Apartheid abuses not just work of a few `bad apples', says Tutu

Archbishop Desmond Tutu has told former president P.W

Archbishop Desmond Tutu has told former president P.W. Botha's contempt trial that apartheid-era abuses were ordered from on top and were not just the work of a few "bad apples".

Dr Tutu, a Nobel peace laureate, was visibly angered yesterday by Mr Botha's defence argument that only rogue junior officers were involved in apartheid killings.

"I am deeply distressed," he told Mr Botha's lawyer when asked to admit only a small clandestine group had carried out illegal murders, tortures and bombings.

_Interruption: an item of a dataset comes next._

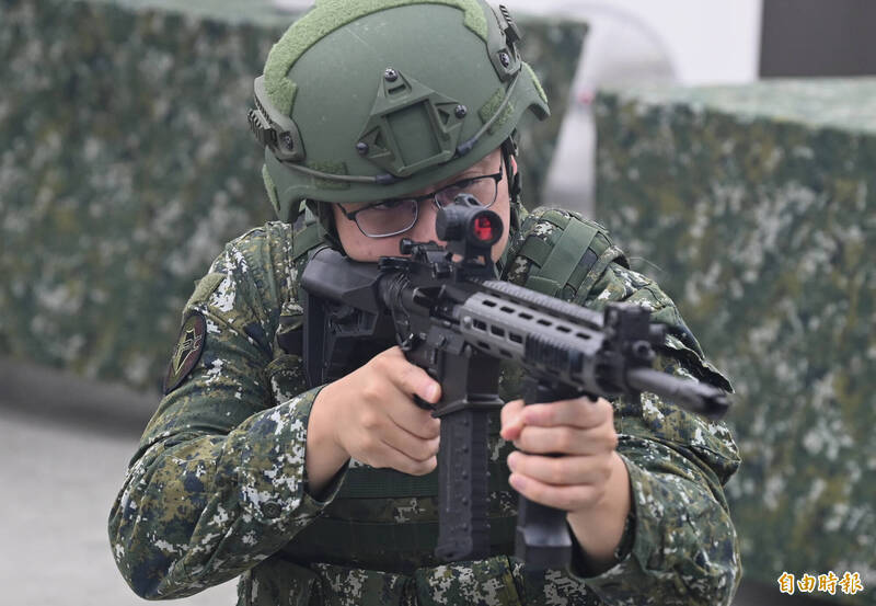 為強化博愛特區的防衛及反突擊戰力,有「天下第一營」之稱的總統府211憲兵營,官兵使用的步槍,在本月起已由原本的T91步槍全面換裝為T112戰鬥步槍。圖為陸軍部隊先前已換發T112步槍的畫面。(資料照)

"How many bad apples are you going to concede?" Dr Tutu asked. "It wasn't just a small, insignificant group. It was a group which could sow the most awful mayhem because of who they were." Dr Tutu was testifying at Mr Botha's trial as head of the Truth and Reconciliation Commission.

READ MORE

Mr Botha (82), is on trial for contempt after he ignored three subpoenas to testify to the commission - South Africa's official inquiry into atrocities committed by those seeking to protect white minority rule or to fight it - to answer claims he endorsed unlawful security force actions.

Since the trial resumed on Monday after a six-week break, Mr Botha has heard witnesses implicate him in gross human rights abuses. But he has remained unmoved, and maintained through his lawyers he has nothing to apologise for.

Dr Tutu (66) reminded Mr Botha that during the 1980s he asked for government investigations into reported killing, but had been brushed off by Mr Botha and his security force generals, some of whom were now applying for amnesty for human rights abuses.

"I got a knee-jerk reaction every time - `You are maligning the police' - when they (the generals) knew they were responsible for some of the most ghastly atrocities in this country," Dr Tutu said.

Up to 30,000 black opponents were jailed without charge under Mr Botha's emergency laws and more than 20,000 people were killed.